• YOUR ASSIGNMENT:
Look through the entries below for the line with "Sri Lanka’da, bir" and the line with "pai fang . com", then give again exactly those two lines and all lines between them, minus the pictures.

***** TASK MATERIAL

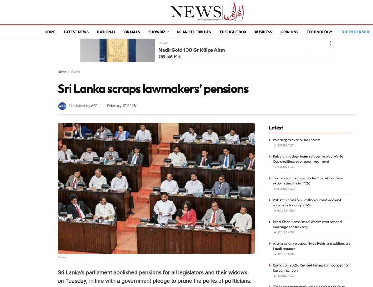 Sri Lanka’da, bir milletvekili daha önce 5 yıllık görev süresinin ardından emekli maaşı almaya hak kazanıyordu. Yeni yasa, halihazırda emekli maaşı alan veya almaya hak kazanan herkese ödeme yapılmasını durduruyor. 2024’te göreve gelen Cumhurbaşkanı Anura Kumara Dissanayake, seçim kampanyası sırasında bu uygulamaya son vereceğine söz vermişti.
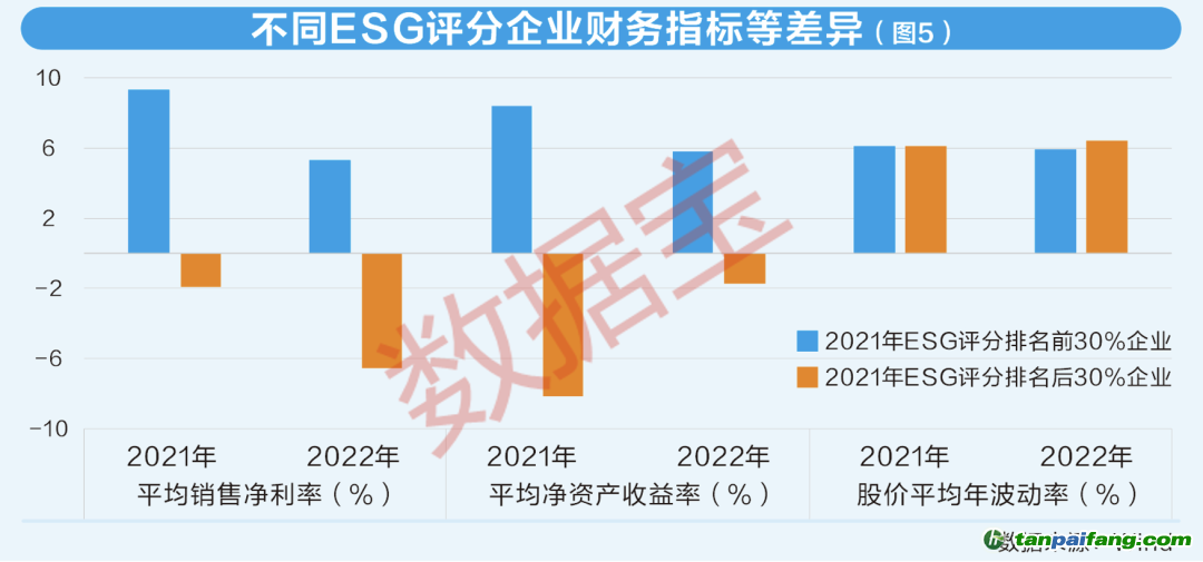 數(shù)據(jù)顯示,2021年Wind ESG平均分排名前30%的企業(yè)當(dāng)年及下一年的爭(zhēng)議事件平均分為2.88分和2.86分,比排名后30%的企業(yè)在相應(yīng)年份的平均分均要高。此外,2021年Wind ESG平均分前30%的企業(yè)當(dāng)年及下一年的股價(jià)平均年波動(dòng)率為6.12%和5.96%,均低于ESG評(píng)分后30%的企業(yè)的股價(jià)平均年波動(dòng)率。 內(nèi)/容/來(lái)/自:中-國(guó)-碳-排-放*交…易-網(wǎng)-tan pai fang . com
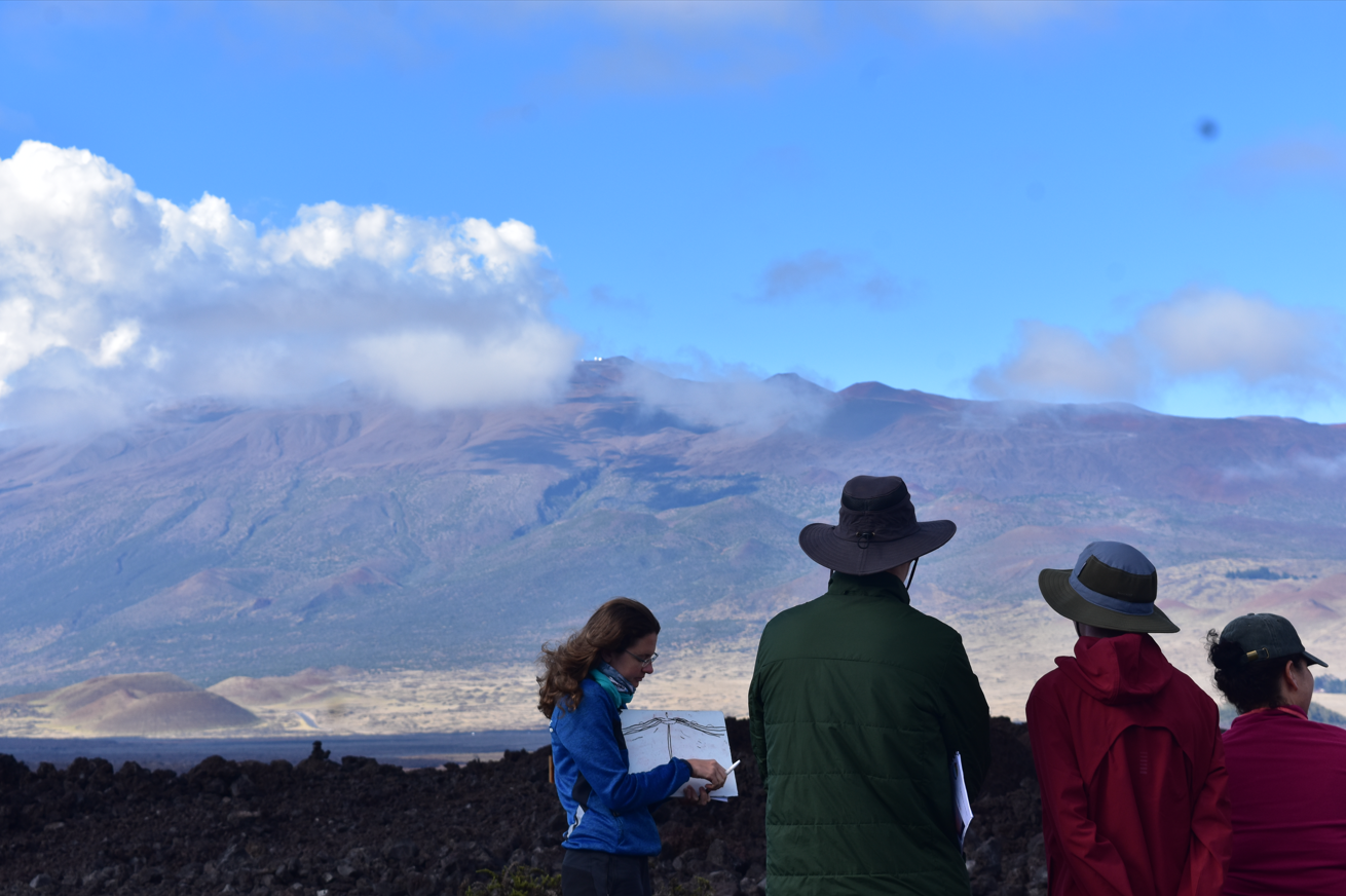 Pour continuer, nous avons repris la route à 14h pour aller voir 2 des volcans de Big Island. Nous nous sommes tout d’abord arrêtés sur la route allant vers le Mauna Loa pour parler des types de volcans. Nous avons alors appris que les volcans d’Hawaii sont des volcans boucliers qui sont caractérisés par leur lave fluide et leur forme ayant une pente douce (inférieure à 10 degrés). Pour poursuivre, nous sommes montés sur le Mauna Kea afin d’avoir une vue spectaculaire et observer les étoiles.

**********
***** TASK MATERIAL

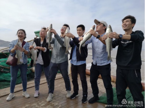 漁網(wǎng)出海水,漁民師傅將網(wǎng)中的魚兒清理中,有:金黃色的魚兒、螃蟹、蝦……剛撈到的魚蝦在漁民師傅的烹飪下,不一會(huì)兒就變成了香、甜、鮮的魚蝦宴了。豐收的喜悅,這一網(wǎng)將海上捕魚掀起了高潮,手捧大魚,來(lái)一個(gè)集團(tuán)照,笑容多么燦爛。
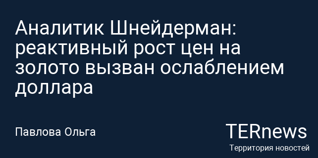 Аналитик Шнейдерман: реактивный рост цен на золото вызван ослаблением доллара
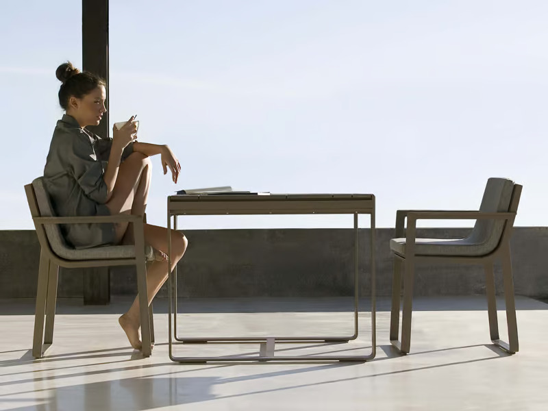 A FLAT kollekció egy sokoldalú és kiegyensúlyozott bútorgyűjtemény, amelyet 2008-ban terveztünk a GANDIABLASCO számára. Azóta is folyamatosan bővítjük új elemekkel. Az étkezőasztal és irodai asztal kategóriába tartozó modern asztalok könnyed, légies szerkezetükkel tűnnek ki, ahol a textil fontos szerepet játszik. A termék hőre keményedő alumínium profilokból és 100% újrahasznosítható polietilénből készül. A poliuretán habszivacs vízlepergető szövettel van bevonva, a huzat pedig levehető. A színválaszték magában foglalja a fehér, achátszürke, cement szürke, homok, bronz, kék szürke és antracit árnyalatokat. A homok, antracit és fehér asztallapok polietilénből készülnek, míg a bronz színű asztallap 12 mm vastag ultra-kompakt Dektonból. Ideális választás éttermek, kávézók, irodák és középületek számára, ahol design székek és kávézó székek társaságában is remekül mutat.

**********
***** TASK MATERIAL

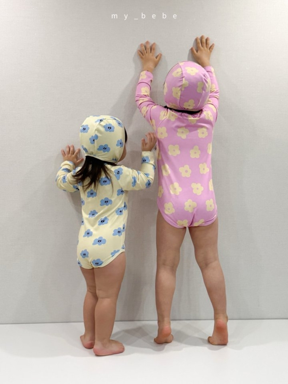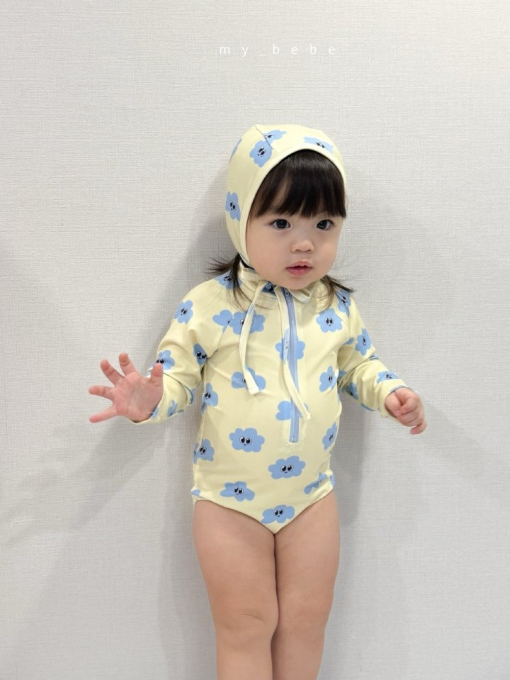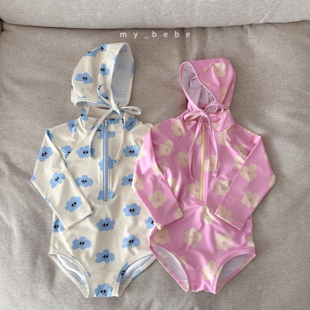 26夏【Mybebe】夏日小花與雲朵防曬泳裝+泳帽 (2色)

**********

• FINISHED TASK:
 Sri Lanka’da, bir milletvekili daha önce 5 yıllık görev süresinin ardından emekli maaşı almaya hak kazanıyordu. Yeni yasa, halihazırda emekli maaşı alan veya almaya hak kazanan herkese ödeme yapılmasını durduruyor. 2024’te göreve gelen Cumhurbaşkanı Anura Kumara Dissanayake, seçim kampanyası sırasında bu uygulamaya son vereceğine söz vermişti.
 數(shù)據(jù)顯示,2021年Wind ESG平均分排名前30%的企業(yè)當(dāng)年及下一年的爭(zhēng)議事件平均分為2.88分和2.86分,比排名后30%的企業(yè)在相應(yīng)年份的平均分均要高。此外,2021年Wind ESG平均分前30%的企業(yè)當(dāng)年及下一年的股價(jià)平均年波動(dòng)率為6.12%和5.96%,均低于ESG評(píng)分后30%的企業(yè)的股價(jià)平均年波動(dòng)率。 內(nèi)/容/來(lái)/自:中-國(guó)-碳-排-放*交…易-網(wǎng)-tan pai fang . com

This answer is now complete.